Para a OCDE, a Europa cai em PIB 9,1% se houver apenas uma onda pandémica. Havendo duas ondas, o decréscimo será de 11,5%. Para o Reino Unido, o decréscimo será de 11,4% e 14%, respetivamente. Para os EUA, o decréscimo será de 7,3% e 8,3%, respetivamente. Para Portugal a previsão vai de um decréscimo de 9,4%, com um embate pandémico, a 11,3%, com uma segunda onda. Globalmente, o mundo decrescerá 6% com uma onda e 7,6% com duas.

Para o The World Bank, a crise terá um impacto negativo em PIB na ordem dos 7%. Para os mercados emergentes apenas de 2,5% de decréscimo.

Para o ING, em vários cenários, a China é o grande ganhador da crise, com crescimentos entre 0,4% e 4,5% (do cenário mais pessimista ao mais otimista). Os EUA variam o decréscimo entre 3,6% e 14,9%. A Europa decresce entre 3,2% e 16,1%. O Reino Unido decresce de 3,1% a 13%.

Para o Banco de Portugal a crise afetará, negativamente, Portugal entre os 3,7% e os 5,7% do PIB. Mais tarde o BdP viria a subir este valor para os 9,5% no cenário base. O governo tem uma previsão de quebra de 6,9% do PIB para 2020 (Ministério das Finanças).

Entre os vários opinion makers, as variações mais frequentes estão entre os 3% e os 15% negativos para Portugal.
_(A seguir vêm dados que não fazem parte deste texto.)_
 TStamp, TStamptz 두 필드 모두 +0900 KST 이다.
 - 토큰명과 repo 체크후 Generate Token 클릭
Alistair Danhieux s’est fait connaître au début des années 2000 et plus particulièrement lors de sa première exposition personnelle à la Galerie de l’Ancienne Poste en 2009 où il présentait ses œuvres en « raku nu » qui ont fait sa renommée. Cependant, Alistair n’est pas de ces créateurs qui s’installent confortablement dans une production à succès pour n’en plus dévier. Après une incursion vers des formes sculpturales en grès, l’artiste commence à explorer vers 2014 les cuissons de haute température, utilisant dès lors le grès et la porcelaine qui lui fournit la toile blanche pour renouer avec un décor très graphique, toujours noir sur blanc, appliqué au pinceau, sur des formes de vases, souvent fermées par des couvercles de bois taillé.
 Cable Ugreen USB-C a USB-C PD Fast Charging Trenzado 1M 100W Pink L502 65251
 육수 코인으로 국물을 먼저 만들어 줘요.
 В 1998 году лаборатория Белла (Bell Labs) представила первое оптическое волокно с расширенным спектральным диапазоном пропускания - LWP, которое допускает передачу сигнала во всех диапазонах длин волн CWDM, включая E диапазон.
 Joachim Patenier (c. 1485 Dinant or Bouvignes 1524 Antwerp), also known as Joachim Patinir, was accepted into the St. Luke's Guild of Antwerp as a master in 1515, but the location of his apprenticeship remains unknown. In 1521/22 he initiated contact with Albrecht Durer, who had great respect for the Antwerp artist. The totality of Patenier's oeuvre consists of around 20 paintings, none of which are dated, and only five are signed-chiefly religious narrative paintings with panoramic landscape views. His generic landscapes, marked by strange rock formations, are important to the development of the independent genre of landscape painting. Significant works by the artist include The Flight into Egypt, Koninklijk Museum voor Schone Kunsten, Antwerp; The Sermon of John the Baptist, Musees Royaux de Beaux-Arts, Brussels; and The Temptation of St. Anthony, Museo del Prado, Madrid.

4 Tudo isto para dizer: sabemos como se mede o PIB. Sabemos quem corre mais e gera mais riqueza. Sabemos, quando muito, quanto vai descer o PIB em cada região e país em termos de valores máximos e mínimos. Sabemos que, por entre cenários que se multiplicam, há previsões para todos os gostos e e feitios: dos otimistas aos moderados e aos pessimistas. Mais ainda, não se conseguem saber os decréscimos com segurança por setor de atividade, sendo que uns sofrem bem mais que outros. Finalmente, e para sermos claros, não sabemos as desigualdades do PIB por setores de atividade e o PIB per capita é cada vez mais falacioso.
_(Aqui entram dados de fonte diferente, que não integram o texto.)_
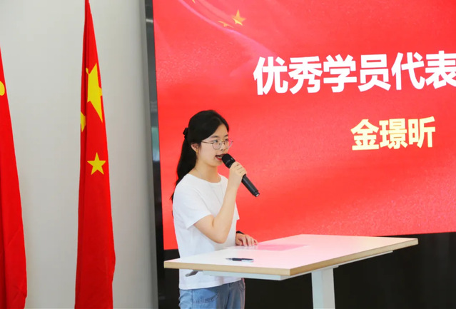 金璟昕同学作为学员代表发言,他表示通过党校学习进一步提升了自己的政治素养,坚定了理想信念,体会到共产党人为人民谋幸福、为民族谋复兴的初心和使命,今后会继续以党员标准严格要求自己,以实际行动来践行入党初心使命。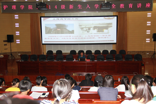 9月2日上午,保卫处马强老师应邀为护理学院2014级新生作安全教育专题讲座。马老师以通俗易懂的语言、生动鲜活的案例,从治安、消防和交通等三大方面,深入浅的为同学们介绍以诈骗、盗窃、扒窃、火灾、人身伤害为主体的多发性校园常见案例,以及各类交通事故的安全知识、预防手段及应对策略,告诉同学们如何加强自身防范和避免受到伤害。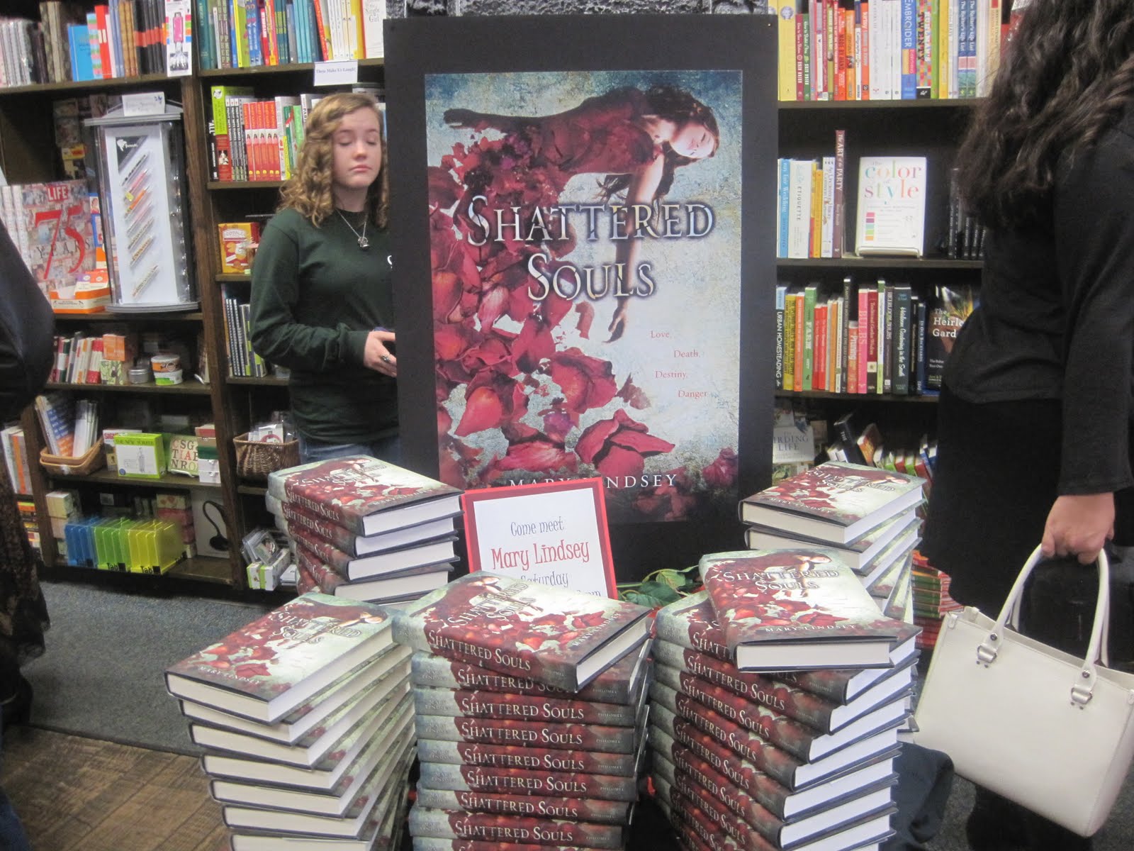 This past weekend took me back to Houston's Blue Willow Bookshop where I attended the launch party for fellow YAHouston writer Mary Lindsey, whose debut paranormal, Shattered Souls is out now. Lots of cheers and tears and smiles as Mary talked about her journey to publication, showed us the progression of cover art that ended up with the wonderful final cover, and took us through her revision process with her editor at Philomel, who definitely handed Mary a steep learning curve with an initial 14 page edit letter!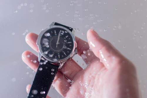 腕時計は精密機械で水に弱いため、普段からつける機会が多い人は防水性能もチェックしておくと安心だ。防水機能は「○気圧防水」「○m防水」と記載されているので、ライフスタイルに合わせて選ぶといいだろう。お手洗いで水がかかったり、外出時に雨に濡れたりする程度であれば、5気圧防水と表記されたものでOK。一方で、スキューバダイビングなどの水上スポーツをすることが多い人は、潜水用に使われる100気圧防水のダイバーズウォッチがおすすめだ。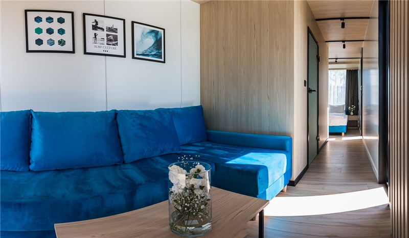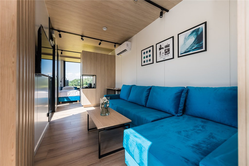 所有的居住空間都集成在集裝箱內,每座獨立的集裝箱建筑都擁有上下兩個單元,每個空調房間都可容納2至6人,同時,每個套房都擁有一個起居空間、一個睡房以及一間浴室。酒店區由接待亭、帶酒吧的海灘、游樂場、排球場等共同構成生活娛樂環境。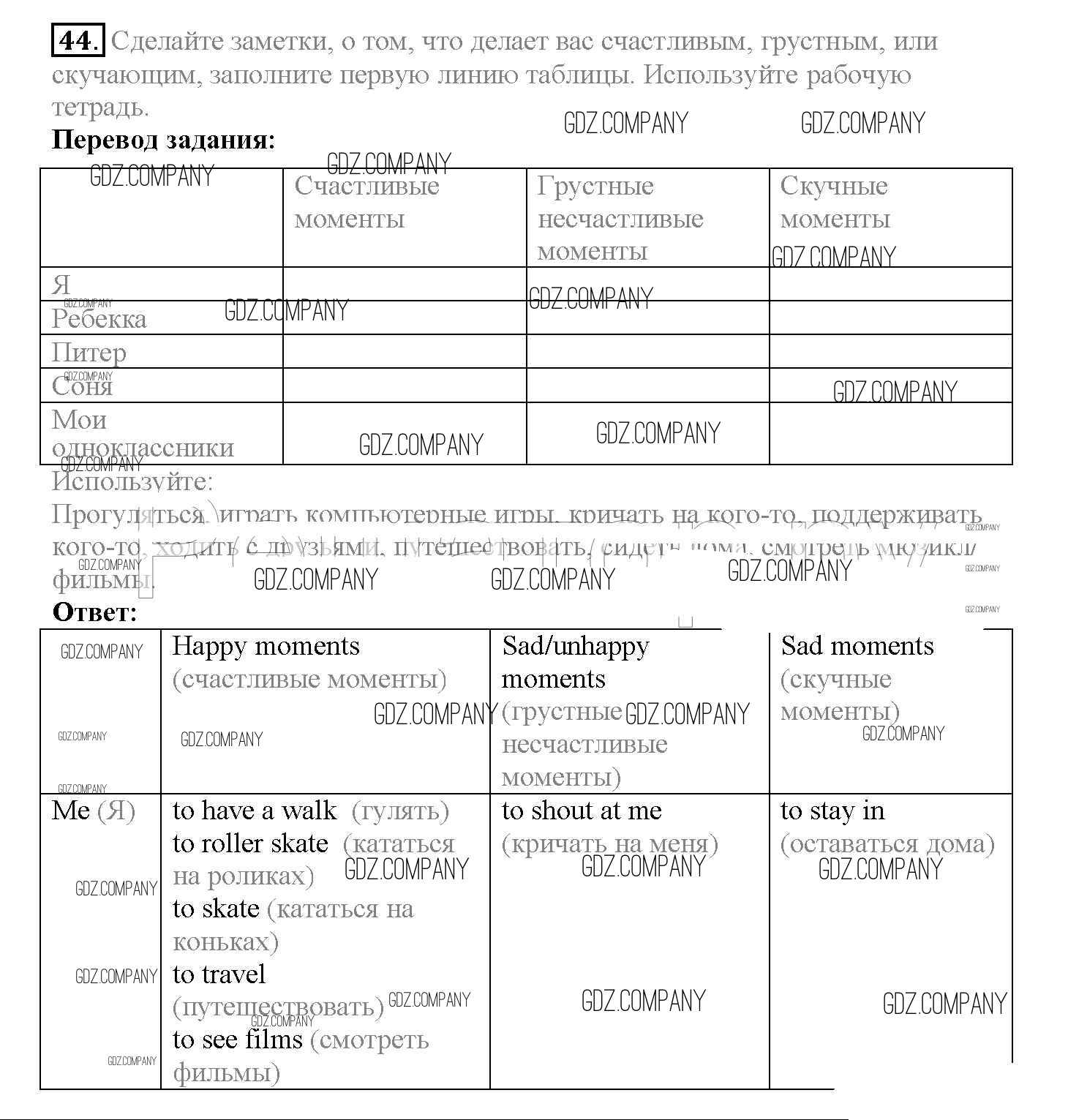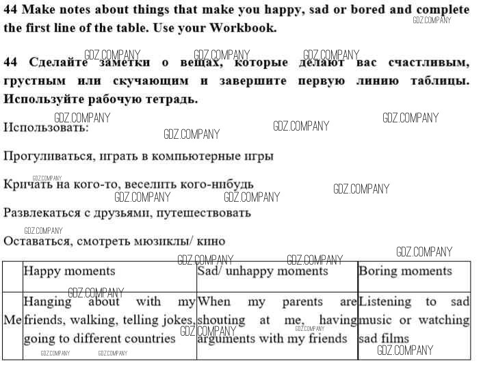Здесь готовые ответы по Английскому языку за 10 (десятый) класс от Биболетова, Денисенко, Трубанева Учебник Enjoy English (издательство: Аст/Астрель от 2016 г.) № 44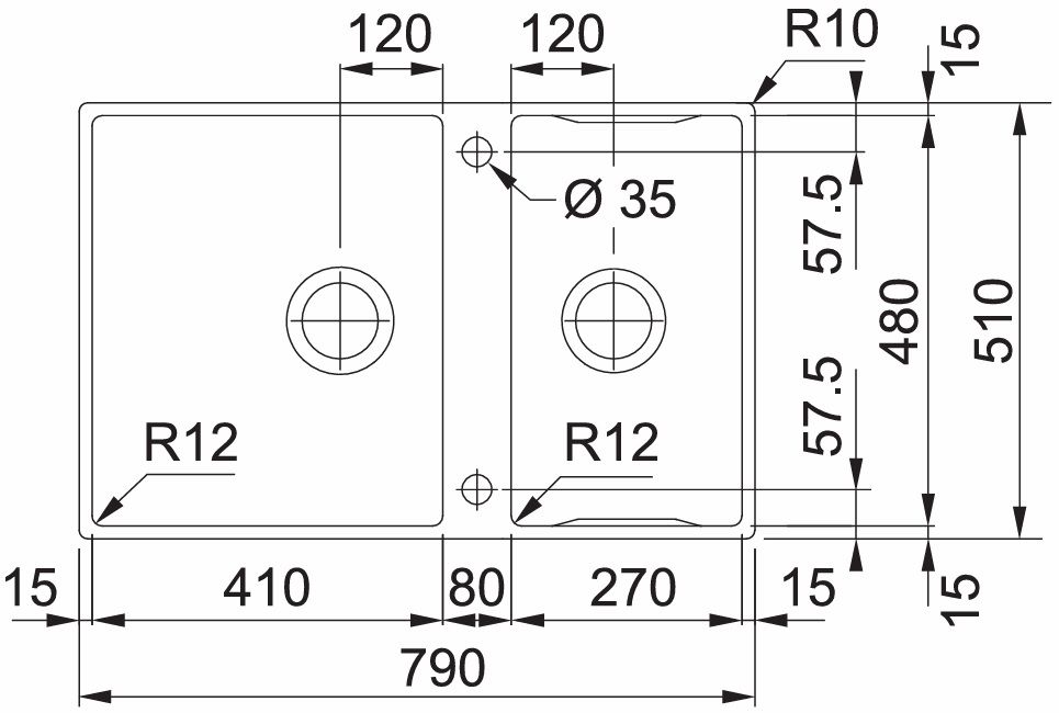 - Размер мойки: 790х510 мм.

Pergunta: para que serve o PIB? Durante muito tempo deu-se-lhe excessiva importância. Neste momento, e em crise, é apenas um indicador económico histórico, diria irrelevante para ser simpático.

O PIB não serve para prever nem a quebra nem a recuperação e incorpora demasiados estados anímicos, varia consoante o analista, flutua entre cenários, pode ser de um ou dois dígitos. E pode ficar abaixo ou acima dos 5, pode ir aos 15 e já vi quem previsse dois dígitos com o primeiro deles em 2. Isto para as quebras. Para as retomas não estamos melhor. Discutem-se curvas em L, U ou V e debatem-se cenários e mais cenários. Não há consensos.
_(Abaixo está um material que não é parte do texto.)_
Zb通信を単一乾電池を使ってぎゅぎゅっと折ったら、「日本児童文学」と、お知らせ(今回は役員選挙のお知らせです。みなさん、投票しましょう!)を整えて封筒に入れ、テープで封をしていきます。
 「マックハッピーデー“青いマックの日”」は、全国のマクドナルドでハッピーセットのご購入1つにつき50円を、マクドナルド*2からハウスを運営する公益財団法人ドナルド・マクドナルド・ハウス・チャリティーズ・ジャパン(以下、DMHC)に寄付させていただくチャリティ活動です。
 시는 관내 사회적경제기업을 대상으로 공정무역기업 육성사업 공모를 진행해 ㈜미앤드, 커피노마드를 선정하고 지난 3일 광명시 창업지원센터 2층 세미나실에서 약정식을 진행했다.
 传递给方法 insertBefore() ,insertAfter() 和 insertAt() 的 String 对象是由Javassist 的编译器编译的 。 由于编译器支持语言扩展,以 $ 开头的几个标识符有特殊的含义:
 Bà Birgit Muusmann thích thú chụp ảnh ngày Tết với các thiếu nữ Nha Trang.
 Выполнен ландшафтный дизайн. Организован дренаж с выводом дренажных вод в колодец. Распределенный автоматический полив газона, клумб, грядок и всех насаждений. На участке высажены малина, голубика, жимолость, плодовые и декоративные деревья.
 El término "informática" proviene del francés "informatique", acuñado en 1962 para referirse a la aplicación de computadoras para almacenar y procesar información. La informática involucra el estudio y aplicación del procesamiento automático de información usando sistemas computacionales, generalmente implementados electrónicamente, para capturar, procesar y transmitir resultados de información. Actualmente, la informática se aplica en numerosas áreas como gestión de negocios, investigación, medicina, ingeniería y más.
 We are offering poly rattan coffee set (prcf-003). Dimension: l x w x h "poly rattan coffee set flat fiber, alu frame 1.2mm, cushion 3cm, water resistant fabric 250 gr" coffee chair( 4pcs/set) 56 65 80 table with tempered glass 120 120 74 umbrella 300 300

Ou seja, se quisesse o PIB para alguma coisa, seria para alimentar um debate. Para um prós e contras atirava um número e veria quem o apoiava e quem o combatia. De resto, o PIB não é, neste momento, mais do que mero “achismo”. E “acho que” irrelevante. Se a crise nos deu um sinal de alerta – que já vinha de trás, de resto – foi também para a irrelevância do PIB e sua desadequação nestas circunstâncias.